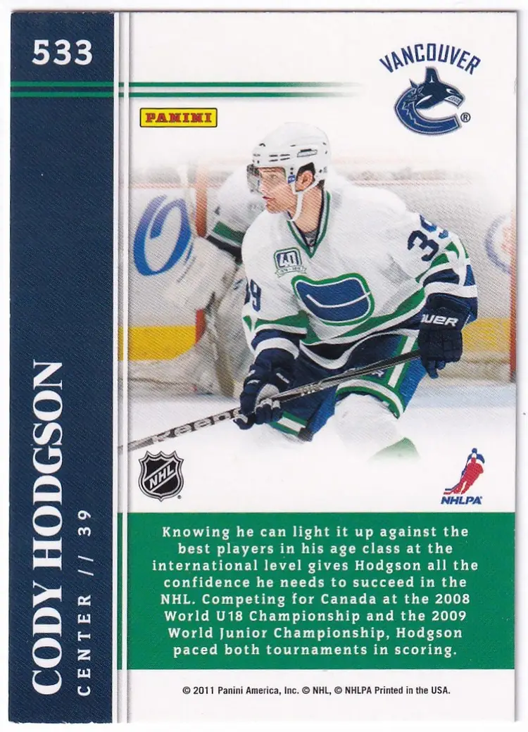 2011-12 Score #533 Cody Hodgson HR RC Vancouver Canucks
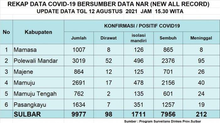 TRIBUN-SULBAR.COM, MAMUJU - Positif Covid-19 di Sulawesi Barat (Sulbar) kembali bertambah 221 kasus, Kamis (12/8/2021).
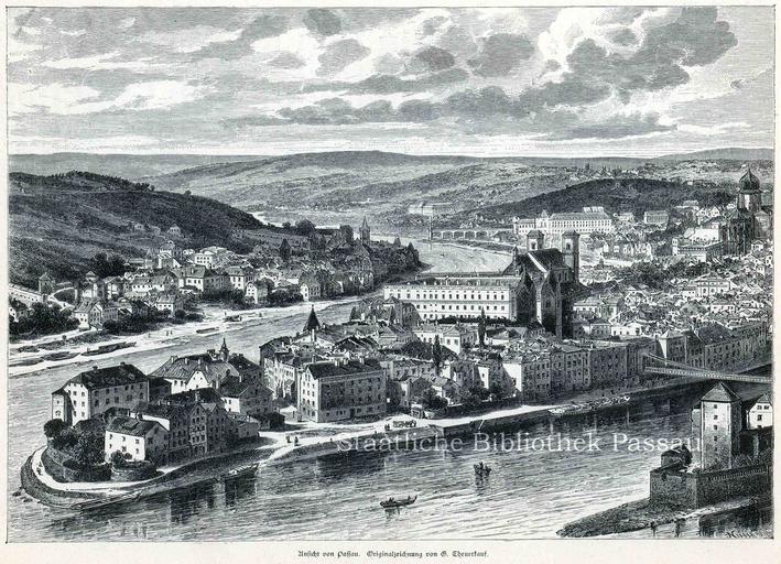 Keywords: Gottlob Theuerkauf Passau.jpg de Blick auf Passau vom Klosterberg aus Holzstich 17 2 x 24 6 cm Staatliche Bibliothek Passau http //www staatliche-bibliothek-passau de/staadi/nid/phs/082 html Creator Gottlob Theuerkauf ca 1881 PD-old Gottlob Theuerkauf History of Passau Passau in art Wood engravings |
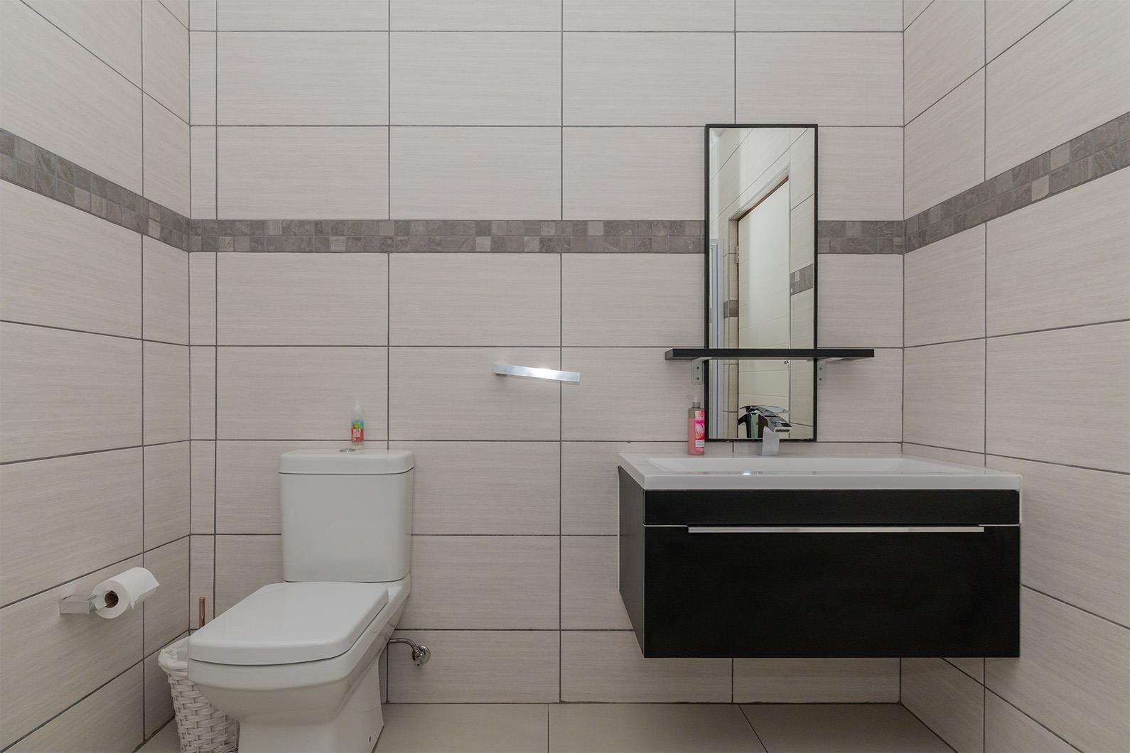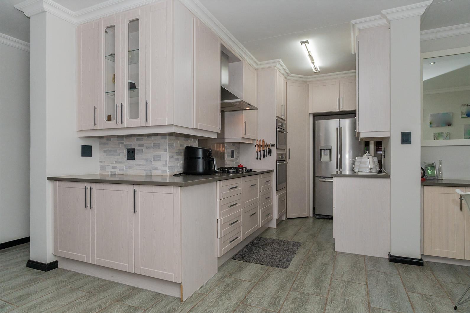 The gourmet kitchen is both stylish and functional, with Caesarstone countertops, ample built-in cupboards, a gas hob, fitted microwave, and a separate scullery. The guest toilet adds convenience on the lower level.

### Task directions:
Copy out all of the material exactly as written, without its pictures.

### Result of this task:
 2011-12 Score #533 Cody Hodgson HR RC Vancouver Canucks
 TRIBUN-SULBAR.COM, MAMUJU - Positif Covid-19 di Sulawesi Barat (Sulbar) kembali bertambah 221 kasus, Kamis (12/8/2021).
 Keywords: Gottlob Theuerkauf Passau.jpg de Blick auf Passau vom Klosterberg aus Holzstich 17 2 x 24 6 cm Staatliche Bibliothek Passau http //www staatliche-bibliothek-passau de/staadi/nid/phs/082 html Creator Gottlob Theuerkauf ca 1881 PD-old Gottlob Theuerkauf History of Passau Passau in art Wood engravings |
 The gourmet kitchen is both stylish and functional, with Caesarstone countertops, ample built-in cupboards, a gas hob, fitted microwave, and a separate scullery. The guest toilet adds convenience on the lower level.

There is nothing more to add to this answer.